Lundi 21 septembre, dans le cadre du procès sur l’extradition de Julian Assange, ses avocats ont présenté à la cour le témoignage de la journaliste américaine Cassandra Fairbanks, laquelle a affirmé que son arrestation à l’ambassade d’Équateur à Londres le 11 avril 2019 par les autorités britanniques avait été ordonnée par Donald Trump.

«L'arrestation de Julian Assange à l'ambassade a été coordonnée sur "des ordres directs du Président américain"», a déclaré la défense en lisant la déclaration de la journaliste.

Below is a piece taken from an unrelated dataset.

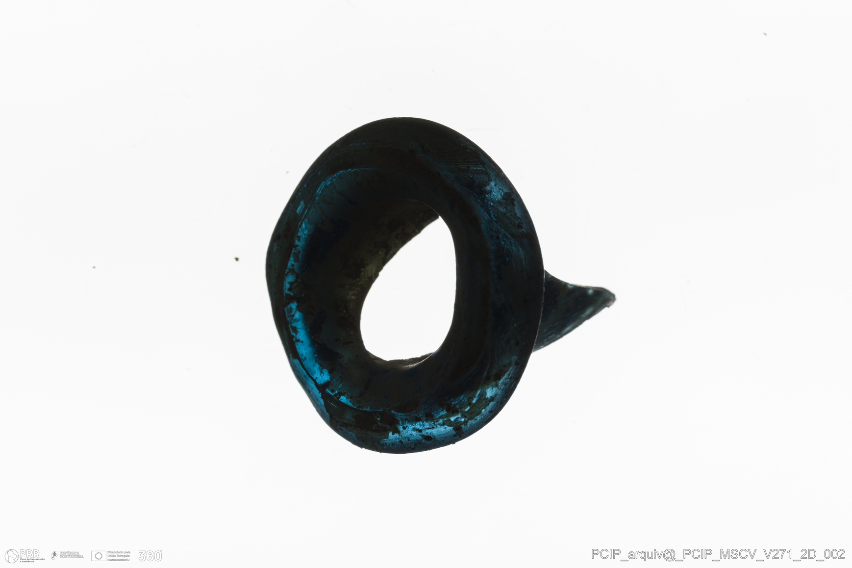 Matéria/Técnica: Vidro; Cronologia: Século XVII; Autoria: Desconhecida; Dimensões: Diâmetro bordo: 27mm.

En 2018, cette dernière avait été contactée par Arthur Schwartz, conseiller informel de Donald Trump et travaillant avec l’ex-ambassadeur des États-Unis en Allemagne, Richard Grenell. Celui-ci souhaitait lui faire supprimer un tweet dont il croyait qu’il contenait des «informations classifiées».

«Enlever un réfugié politique»

Plus tard dans la conversation, Mme Fairbanks, apprenant les prochaines étapes des poursuites contre Assange, dont son interlocuteur semblait particulièrement bien informé et donc très proche du dossier, lui a indiqué qu’«enlever un réfugié politique de l’ambassade équatorienne serait un acte de guerre». «Pas si on nous laisse faire», lui a répondu M. Schwartz, ignorant que la conversation était enregistrée.

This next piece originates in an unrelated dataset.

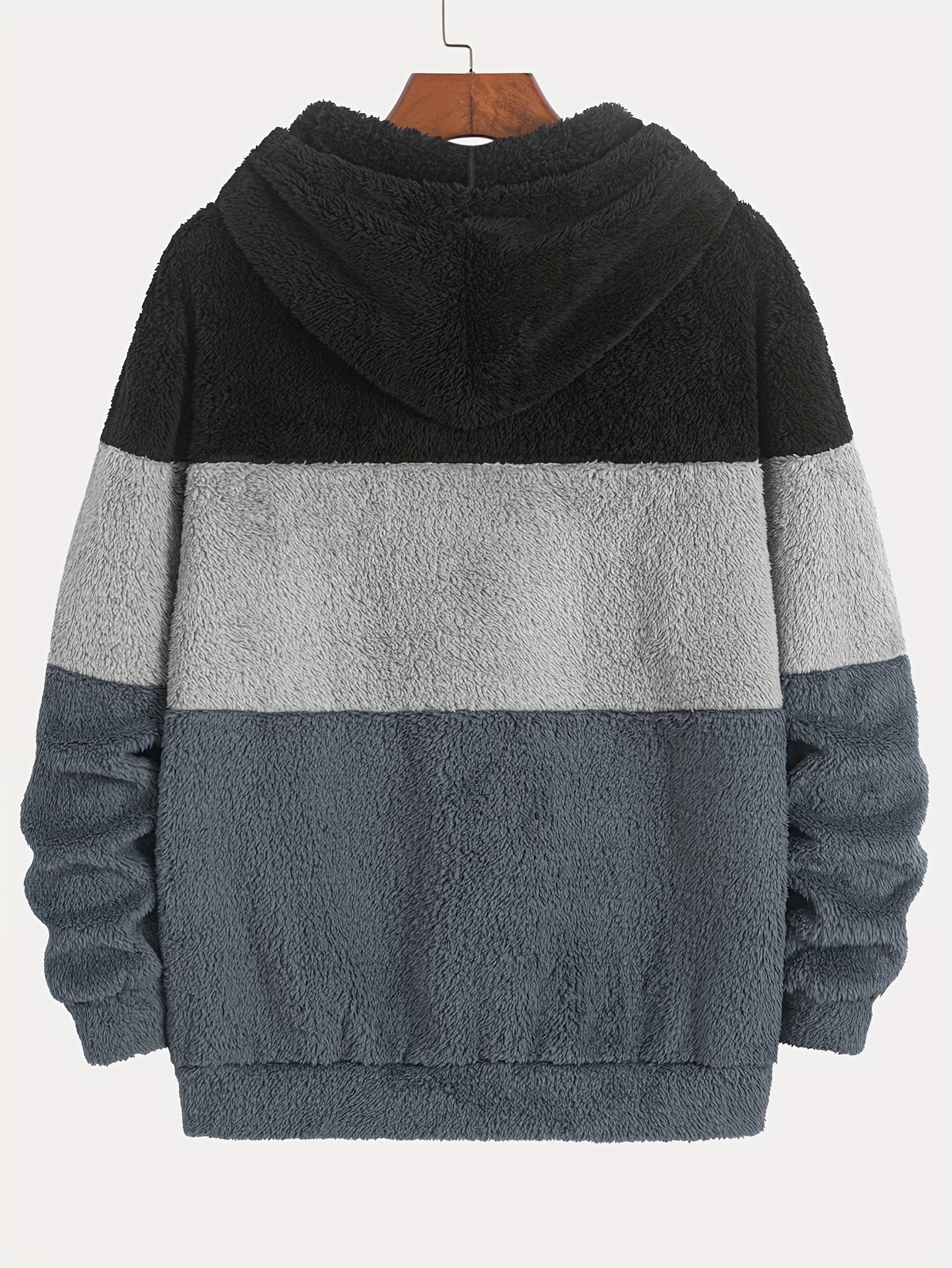 Men's Heavyweight Plush Hoodie - Winter Thermal Pullover Sweatshirt with Kangaroo Pocket, Dark Grey/Black Color Block Hooded Sweater for Cold Weather, Machine Washable Loose Fit Casual Outerwear, Ribbed Cuffs And Hem

Durant les conversations suivantes, M.Schwartz a admis, toujours en ignorant être enregistré par son interlocutrice, que «le Président Trump avait personnellement ordonné l’arrestation», et que l’accord avait été négocié par Richard Grenell.

Après révélation de ces entretiens téléphoniques, Mme Fairbanks a affirmé avoir subi des menaces. Son employeur aurait été contacté par M. Schwartz pour la faire licencier.

La suite du procès Assange

Concrètement, cette révélation appuie la défense de Julian Assange dans sa volonté de démontrer que les accusations des États-Unis, qui réclament son extradition, ne sont pas motivées par la justice, mais bien pour des raisons politiques. Les audiences devraient encore se poursuivre à Old Bailey, la Haute cour criminelle britannique, pour au moins une ou deux semaines.

Le fondateur de WikiLeaks risque jusqu’à 175 ans de prison aux États-Unis s’il est reconnu coupable de toutes les accusations portées contre lui, notamment de la publication de documents confidentiels sur les guerres en Afghanistan et en Irak.

Après s’être réfugié pendant sept ans à l’ambassade d’Équateur à Londres, il a été arrêté en avril 2019 et placé dans la prison de haute sécurité de Belmarsh pour avoir enfreint les conditions de sa liberté sous caution. Outre ses conditions de détention dénoncées à plusieurs reprises, ses proches et défenseurs craignent que son extradition aux USA ne soit synonyme de peine de mort.